Tiling for Performance Tuning on Different Models of GPUs

Chang Xu,Steven R. Kirk,Samantha Jenkins
DOI: https://doi.org/10.48550/arXiv.1001.1718
2010-01-12
Abstract:The strategy of using CUDA-compatible GPUs as a parallel computation solution to improve the performance of programs has been more and more widely approved during the last two years since the CUDA platform was released. Its benefit extends from the graphic domain to many other computationally intensive domains. Tiling, as the most general and important technique, is widely used for optimization in CUDA programs. New models of GPUs with better compute capabilities have, however, been released, new versions of CUDA SDKs were also released. These updated compute capabilities must to be considered when optimizing using the tiling technique. In this paper, we implement image interpolation algorithms as a test case to discuss how different tiling strategies affect the program's performance. We especially focus on how the different models of GPUs affect the tiling's effectiveness by executing the same program on two different models of GPUs equipped testing platforms.
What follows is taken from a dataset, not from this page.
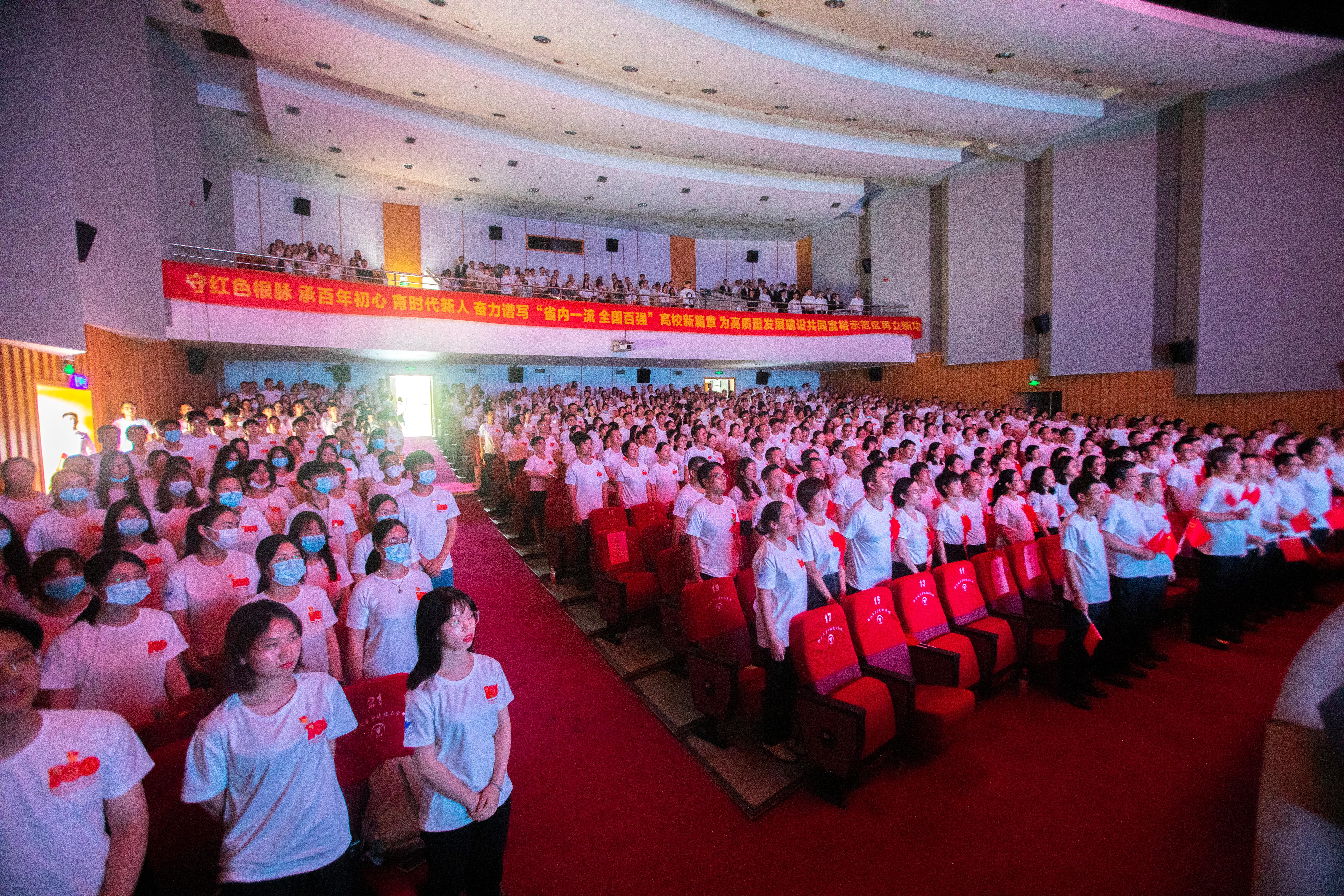 忆峥嵘岁月,颂百年风华。励青年之志,壮大国之未来。6月29日下午,学校隆重举行庆祝中国共产党成立100周年“永远跟党走——守红色根脉 育时代新人 启百强新程 创一流高校”主题党日活动。全校2058名党员、78个党支部及各民主党派负责人在今天共同过一个别开生面的主题党日、上一堂党史学习教育专题党课。党委书记胡征宇为师生上党课,党委副书记、校长杨德仁主持会议。大会在雄壮的《国歌》声中拉开序幕。《共产党宣言》(中英...

The results demonstrate that an optimized tiling strategy on one GPU model is not always a good solution when execute on other GPU models, especially when some external conditions were changed.
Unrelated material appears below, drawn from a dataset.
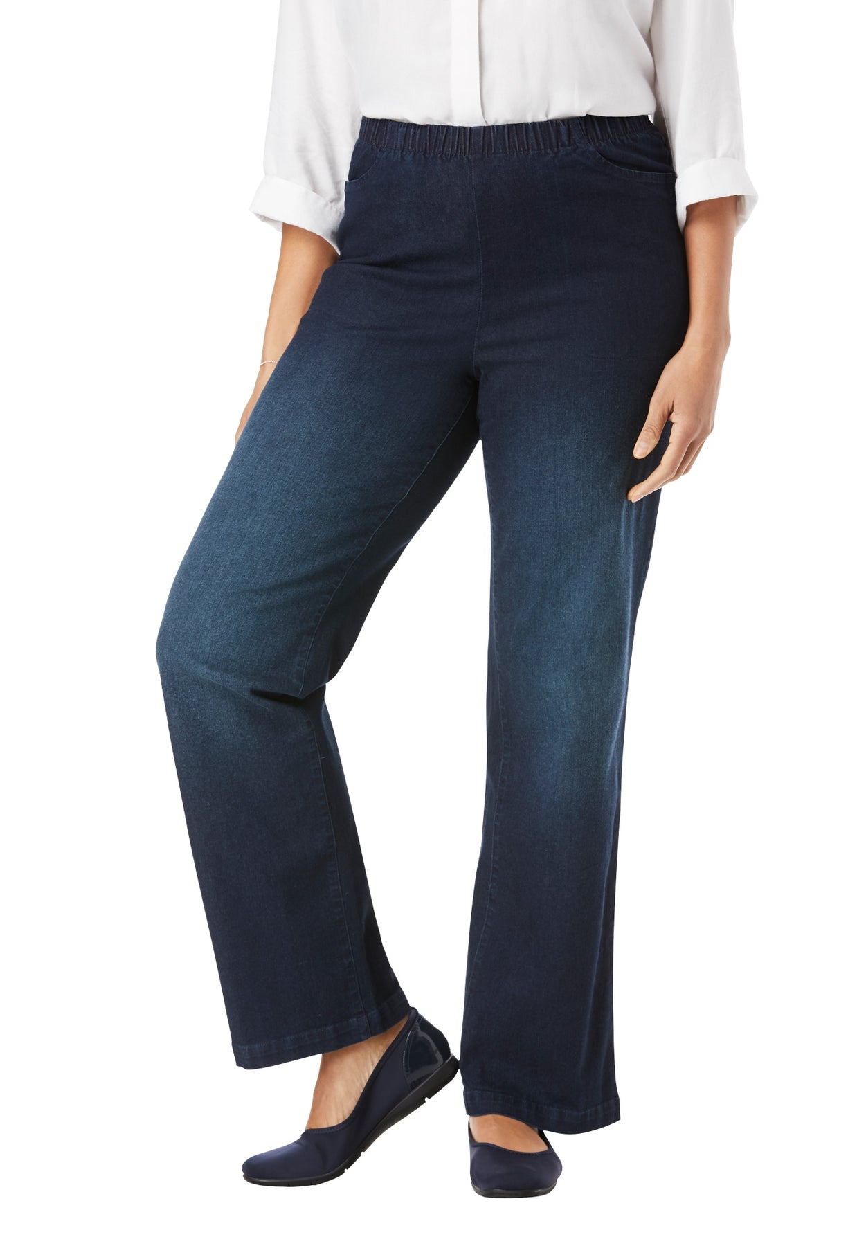 Fineline Stretch Denim Wide-Leg Pull-On Jeans | Woman Within

Distributed, Parallel, and Cluster Computing,Performance
What problem does this paper attempt to address?
This paper aims to explore the impact of different tiling strategies on program performance on different GPU models. Specifically, by implementing an image interpolation algorithm as a test case, the paper analyzes how different tiling strategies affect program performance when the same program is executed on different GPU models. The study particularly focuses on the influence of different GPU models on the tiling effect. By executing on two different types of GPU test platforms respectively for the same program, it verifies whether the optimized tiling strategy can provide good performance on different GPU models. The main contribution of the paper lies in revealing that an optimized tiling strategy may perform excellently on one GPU model, but may not necessarily maintain the same performance advantage on other GPU models, especially when external conditions change. This indicates that when optimizing CUDA programs, it is necessary to consider the specific computing power and characteristics of the target GPU in order to select the most suitable tile size, thereby achieving the best performance optimization effect.